With these four testing samples, we analysed the performance of our HBM in estimating stellar ages. The first three testing sets (i.e., the 23 stars with ‘reliable’ ages, 79 stars from Spina et al. (2018), and 10 Gaia benchmarks stars) tested the performance of our model on individual stars (separated in terms of the techniques used for estimating their ages and their astrophysical interest). The testing sample using stellar clusters was used to assess the statistical performance of our model, that is, how it estimate ages for a large set of stars with the same age, but very different stellar parameters.
Therefore, we gathered 215 stars for the testing sample covering many different situations in terms of input quality and age determination. To show how well this testing sample represents the training sample, Fig. 2 shows density distributions for Teff, log g, [Fe/H], and age from the testing and training samples. This figure clearly shows that the testing sample properly covers the range of Teff defined by the training sample. There is only a lack of stars with high temperatures, but this range is poorly described by the training sample. On the other hand, for log g, there is a bias in the testing sample to large log g. Nevertheless, almost all the log g space is tested. The situation is similar for the ages, where almost the entire range is covered by the testing sample, but with a clear overtesting of young ages, mainly because of the number of young cluster in our sample. The least covered variable is metallicity. The range covered by our training sample is far larger than that covered by the testing sample. The testing sample has a lack of low-metallicity stars. This bias must be corrected for in the future to offer a more consistent testing of the model, but it currently is a hard task to find testing stars in this context because stars with accurate abundances of the elements we need for this study and accurate ages are lacking. This last requirement is the most limiting one in general. This also limits the total number of testing stars we can use.
![]() |
Fig. 2. Histograms for Teff, log g, [Fe/H], and age of the testing (red) and training samples (blue). |
5. Results and discussion
In this section, we test the performance of the model described in Sect. 3 that we obtained using the training set described in Sect. 2. These tests were made to compare the estimated ages in the literature for the testing stars described in Sect. 4 and the ages predicted by our model. Each subsection is devoted to each of the four testing sets presented in Sect. 4. We also add a subsection presenting the combination of the results obtained for the three first testing sets (field stars). This is done to show the performance of our model for all the individual stars together, and to verify the consistency of our model compared with other dating methods in the literature. We finally analyse the outliers we found to understand their origin.

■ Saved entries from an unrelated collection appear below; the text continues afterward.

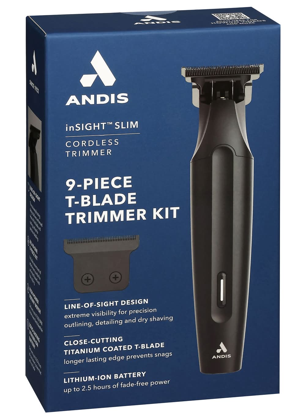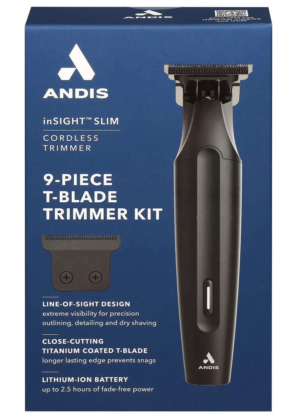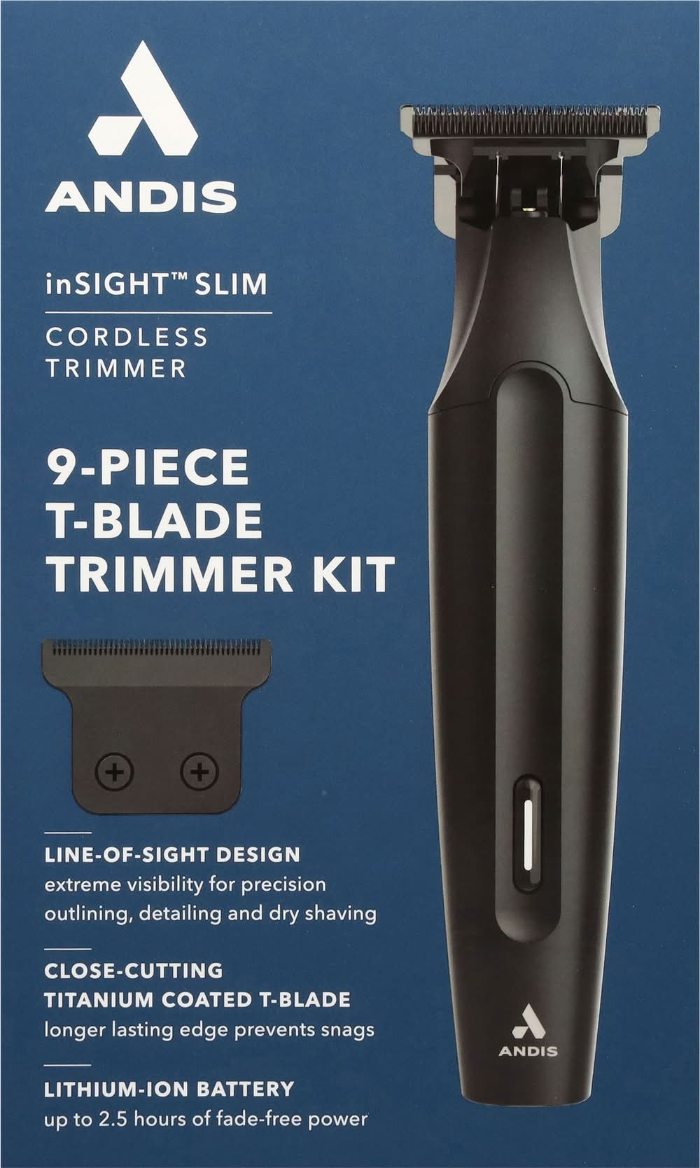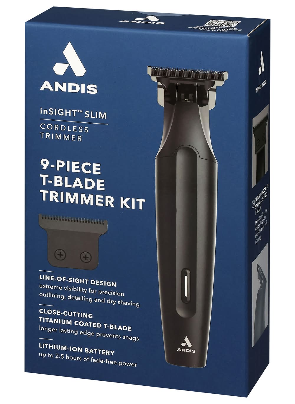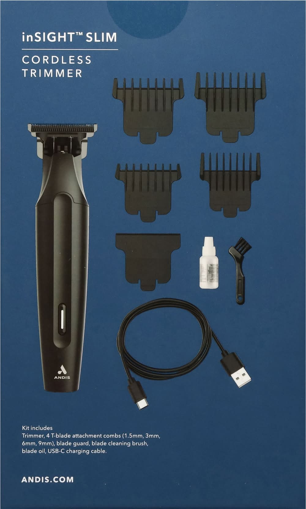 The Andis inSIGHT Slim Cordless Trimmer offers extreme visibility with it's Line-of Sight blade design: for precision outlining, detailing, and dry shaving. Clipper and Trimmer Sales are Final* Color: Matte black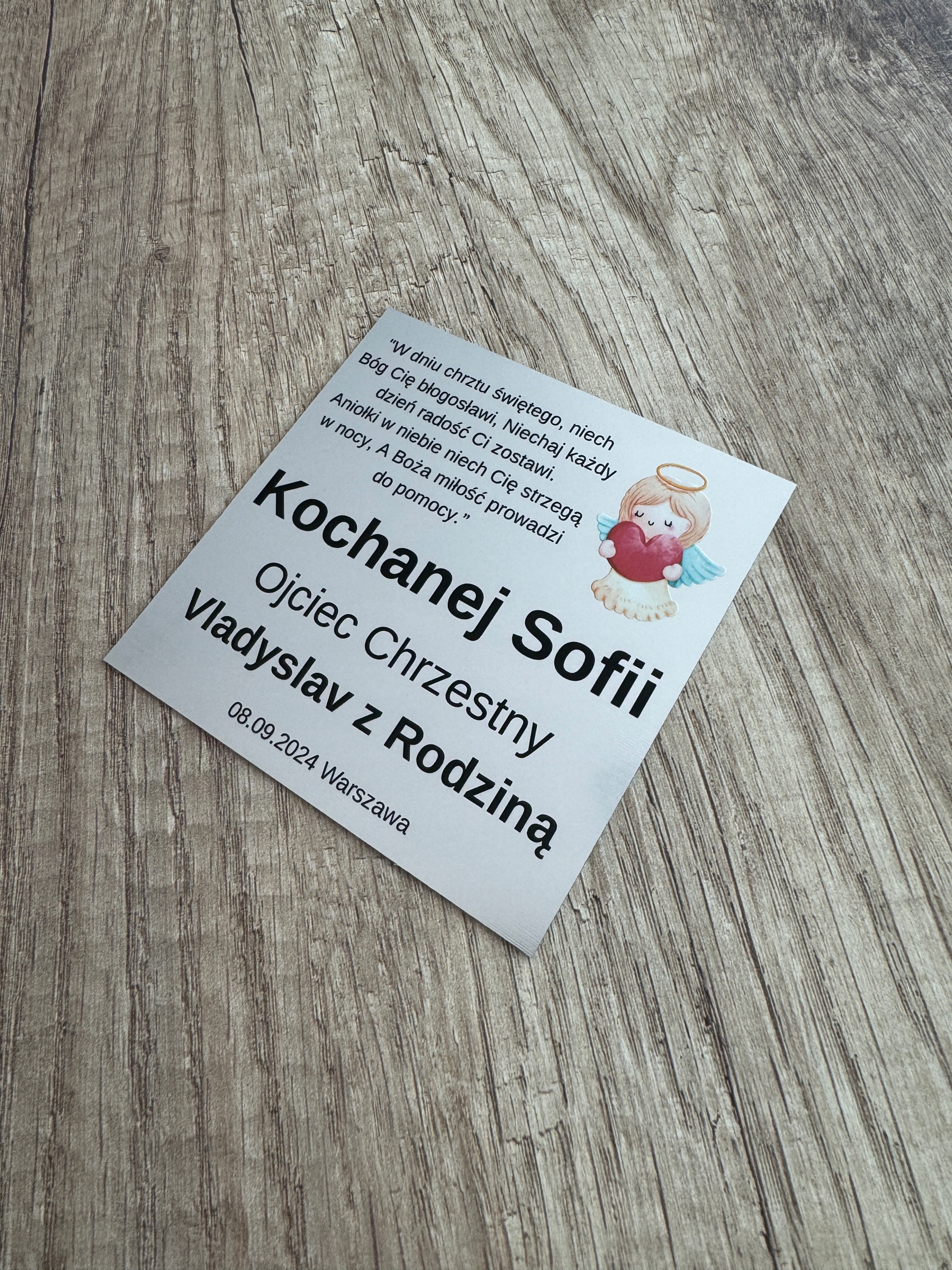 Будь ласка, виберіть дизайн від 1 до 12і ІМ'Я ДИТИНИ/НАРЕЧЕНОЇ ТА ГРУПИ, напр. Мартинка, КОГО ПОДАРУНОК, напр. Хрещений батько, ДАТА І/АБО МІСЦЕ, напр. Люблін, 05.07.2024 р.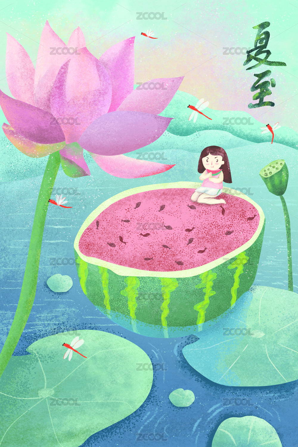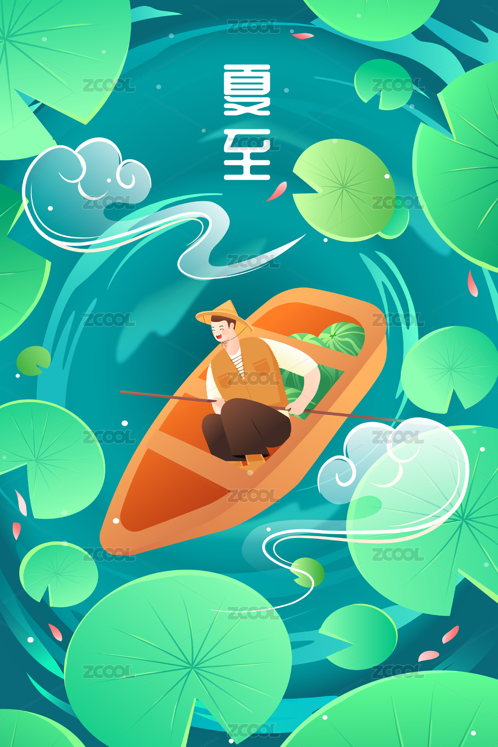 夏季夏至,池塘荷叶荷梗莲花莲藕24节气,二十四节气,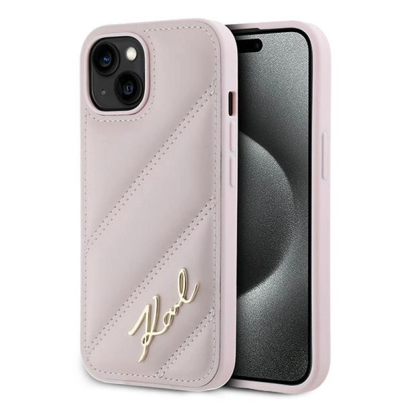 Karl Lagerfeld Diagonal Quilted Script Hülle für iPhone 14 / 15 / 13 – Rosa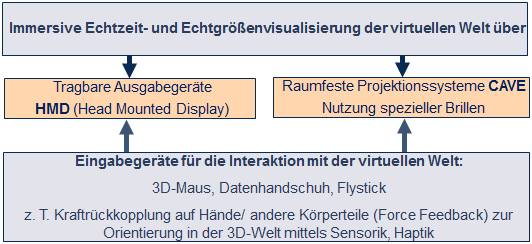 Darüber hinaus gibt es virtuelle Menschmodelle, die in Systemen der Virtuellen Realität eingesetzt werden. Virtuelle Realität (VR) bezeichnet "...die Darstellung und gleichzeitige Wahrnehmung der Wirklichkeit und ihrer physikalischen Eigenschaften in einer in Echtzeit computergenerierten interaktiven virtuellen Umgebung.." s. Virtuelle Realitaet Virtual-Reality-Systeme verwenden zur Visualisierung Head Mounted Displays oder eine CAVE (Cave Automatic Virtual Environment), bei der 3D-Bilder auf bis zu sechs feste, senkrecht zueinander stehende Projektionsebenen geworfen werden. Das virtuelle Menschmodell kann in der immersiven Umgebung mit räumlich virtuellen und realen Objekten in Kontakt treten. Ein Visualisierungssystem erzeugt eine stereoskopische Darstellung, die beim Anwender einen 3D-Tiefeneindruck hervorruft. Spezielle Brillen separieren die gleichzeitig auf den Projektionsflächen abgebildete Darstellung für linkes und rechtes Auge. Ein Subsystem (Tracking) ermittelt fortlaufend die Position des Kopfes in sechs Freiheitsgraden, mit denen die Steuerungssoftware in Echtzeit die korrekte 3D-Darstellung berechnet, s. auch Cave. Bei HMD erfolgt die visuelle Ausgabe auf zwei Displays direkt vor den Augen des Anwenders, s. Head-Mounted_Display. Durch die immersive Echtzeit- und Echtgrößen-Visualisierung von Produkten auf VR-Anlagen können vielfältige ergonomische Fragestellungen unter Einbeziehung virtueller Menschmodelle bereits vor dem Bau physischer Prototypen untersucht werden. So befasst man sich z. B. mit ergonomischen Faktoren im Designprozess der Produktentwicklung, mit physischen Eigenschaften und Verhaltensweisen des Menschen in der Produktion und bei Wartungsarbeiten sowie in Bezug auf Training und Ausbildung.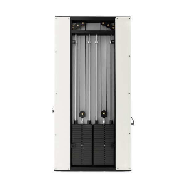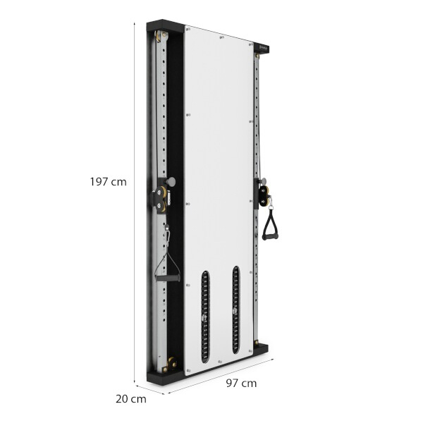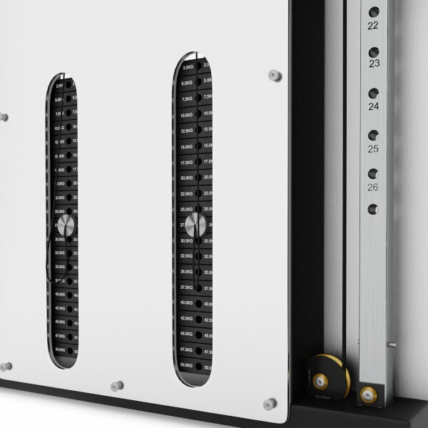 Obě kladky lze výškově nastavit do jedné z 26 poloh, takže si můžete nastavit úhel a rozsah pohybu tak, aby vyhovoval vaší postavě a preferencím. Lana jsou robustní a hladce kloužou pro plynulý a bezpečný trénink. Rukojeti jsou připevněny na karabinách, takže je můžete libovolně měnit. Jsou pohodlné a ergonomické, takže zabraňují sklouznutí a odření rukou.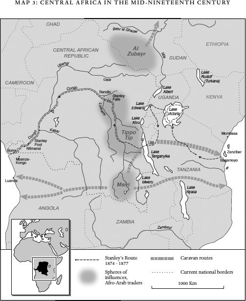 In 1870 the villagers of Bandio noticed none of this. But the Zanzibar traders possessed excellent firearms and so they themselves moved farther and farther into the interior, farther than the Europeans to the west ever had. Some of them were pure Arabs, others were of mixed African blood. Often they included African converts to Islam, whom we refer to as Afro-Arab or Swahilo-Arab traders; in the nineteenth century, however, they were called les arabisés. Swahili, a Bantu language with many Arabic loan words, spread all over Eastern Africa. Starting at Zanzibar and the town of Bagamoyo on the coast, huge caravans began heading inland from 1850 on, until they reached the shores of Lake Tanganyika, eight hundred kilometers to the west. The settlement of Ujiji, where Stanley would “find” Livingstone in 1871, became a major trading post. From the lake’s far shore the caravans moved even farther inland, into the area now known as Congo. As with the trading empire of al-Zubayr, one saw spheres of commercial influence solidify into political entities. In southeastern Katanga, Msiri, a trader from the African east coast, took over an existing realm: the ancient, but by-then mordant Lunda Empire. From 1856 to 1891 he was lord and master over this region rich in copper and controlled all trade routes to the east. His interests, at first purely commercial, in this way took on political form.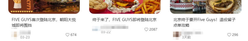近期,有不少网友在社交平台发帖称,来自美国的高端汉堡品牌Five Guys首次进入北京市场,并于朝阳大悦城开出门店。另据北京商报报道,Five Guys确实将北京市场开店,开业时间预计在三季度。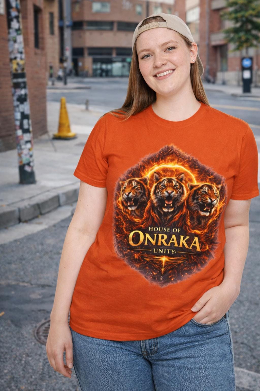 Show your fierce fantasy spirit with the House of Onraka Tigers T-Shirt, featuring a fiery triple tiger crest on a vibrant orange canvas. This lightweight, 100% ring-spun cotton tee offers a soft, smooth feel with a clean tubular knit silhouette and ribbed crew neckline for lasting shape and comfort.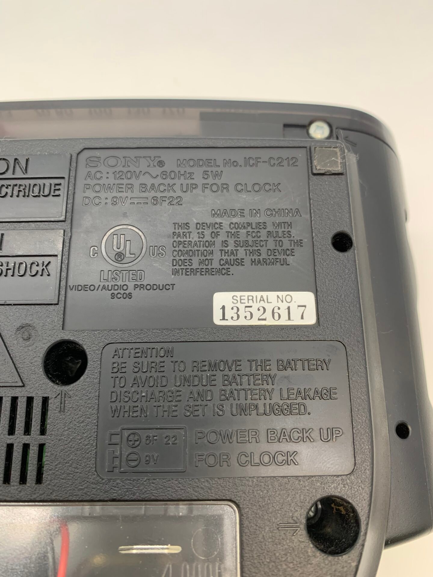 Classic Sony digital alarm clock radio, model ICF-C212. A simple and reliable bedside essential with timeless design.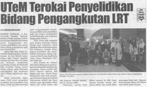 UTeM Terokai Penyelidikan Bidang Pengangkutan LRT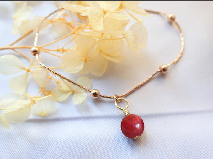 Des bijoux spirituels faits à la main en France, avec des pierres naturelles énergétiques Longueur : 18 cm Diamètre de la pierre : 8 mm Matériaux: Plaqué or 3 microns Pierre : Jaspe Rouge Signe : Bélier, Lion, Cancer
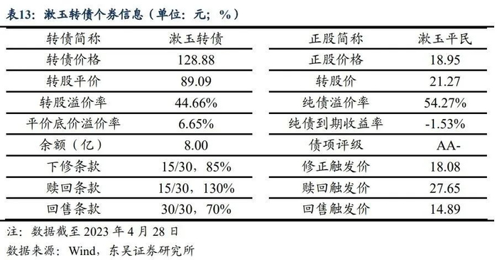 漱玉转债于2023年1月6日上市交易,极为“年轻”,尚未进入转股期。基本条款方面,截至2023年4月28日,债项评级为AA-级,信用风险较高,余额规模为8亿元,叠加大股东持有超过70%,流通盘较小,定价或易受扰动。转债价格方面,截至2023年4月28日,漱玉转债价格为128.88元,平价底价溢价率为6.65%,转股溢价率为44.66%,纯债溢价率为54.27%,纯债到期收益率为-1.53%,综合来看,漱玉转债为平衡偏股型标的,具备一定弹性但债底保护较弱,结合其评级较低、规模较小的特点,安全边际有限。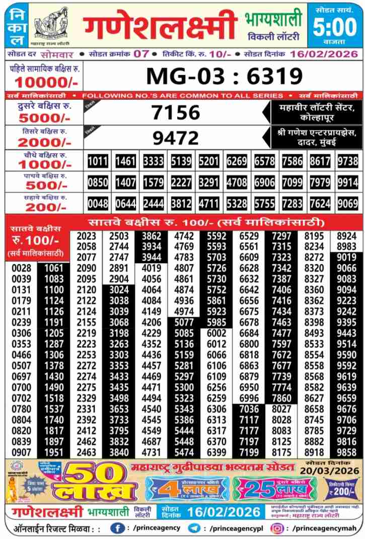 Maharashtra State Ganeshlaxmi Bhagyashali Weekly Lottery ticket is only Maharashtra Weekly rupees 10 for 1 ticket, but 10 thousand is given as prize for winning the major. Results are also placed on this page which you can see Ganeshlaxmi Bhagyashali Weekly Lottery Result today 16.2.2026 is searched by different names, Maharashtra State Ganeshlaxmi Bhagyashali Weekly Lottery Result 05:00pm, Maharashtra State lottery 05:00pm result , Maharashtra State Lottery today Ganeshlaxmi Bhagyashali Weekly lottery result, Maharashtra Ganeshlaxmi Bhagyashali Lottery Result, Maharashtra State Ganeshlaxmi Bhagyashali Weekly lottery result 2025, Ganeshlaxmi Bhagyashali Weekly lottery result 05:00pm, Maharashtra State lottery 2025.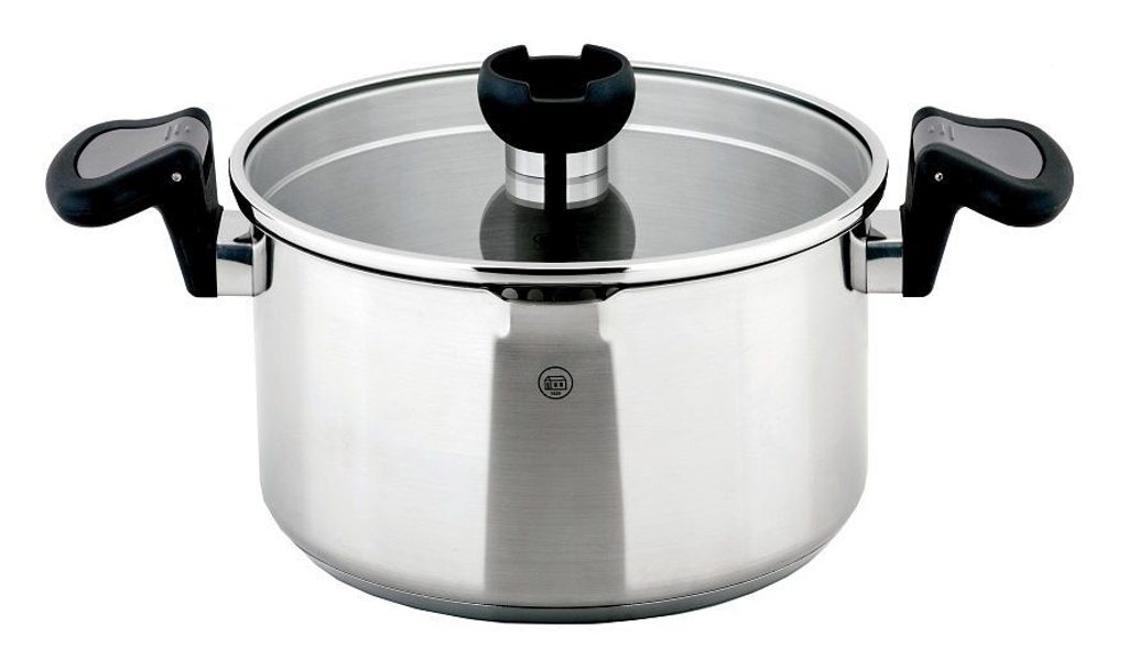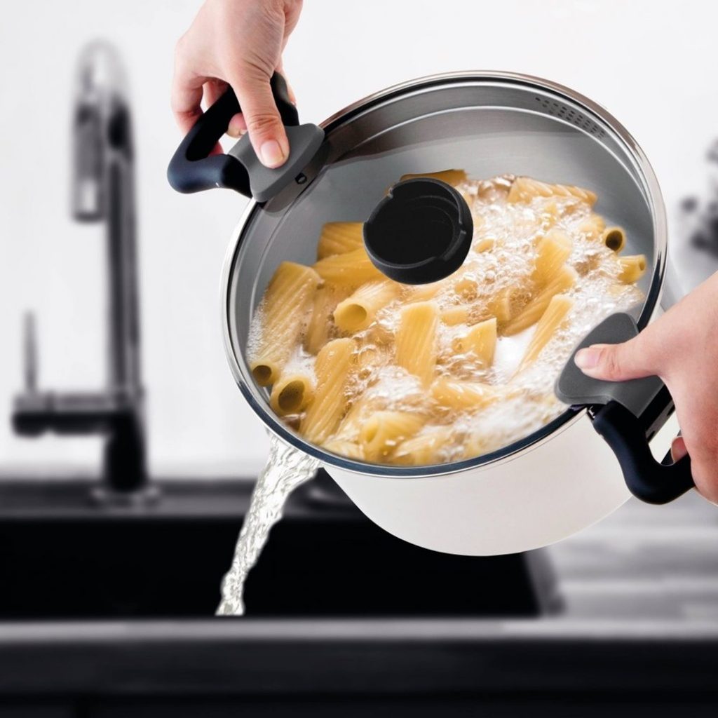 - vnitřní části rukojetí lze ohnout směrem k poklici a zajistit ji tak aby nevyklouzla při cezení, pohodlná vychytávka oceněná Reddot Design Award

5.1. Results for the 23 stars with ‘reliable’ ages
In Fig. 3 we show the comparison between the test ages that were obtained via asteroseismology, cluster membership, and so on with the ages predicted by the HBM. For the ages obtained in this work, uncertainties always represent the 1σ dispersion. We evaluated the absolute differences, in the sense test minus estimated ages. We did not evaluate relative differences because uncertainties are not in general related to the age of the star. Therefore, the same uncertainty at two different ages may produce very different relative differences. For the complete set, we find a mean absolute difference (MAD) of 0.86 Ga. The mean difference (MD, a measure of the bias) is 0.19 Ga, that is, CCs slightly underestimate the age compared with asteroseismology, but this underestimation is within uncertainties. This agrees with the results of Morel et al. (2021), who found an MAD of 0.7 Ga with a bias towards younger ages estimated via CCs. A possible source for this bias is the fact that ages for the training sample were obtained using isochrones, as described in DM19, and with this test, we are evaluating the differences between asteroseismology and those isochrones plus CC predictors.
![]() |
Fig. 3. Age predictions for the 23 stars with ‘reliable’ ages (test ages) using our HBM. The black line represents the one-to-one relation to guide the eye. |
In addition, this figure shows some interesting features. The ages of the Sun and the two stars in M 67 (blue and green dots in Fig. 3) are predicted very well. Asteroseismic ages are also predicted with an MAD of 1 Ga. In general, for almost all the 23 stars, the ranges of test and predicted uncertainty overlap.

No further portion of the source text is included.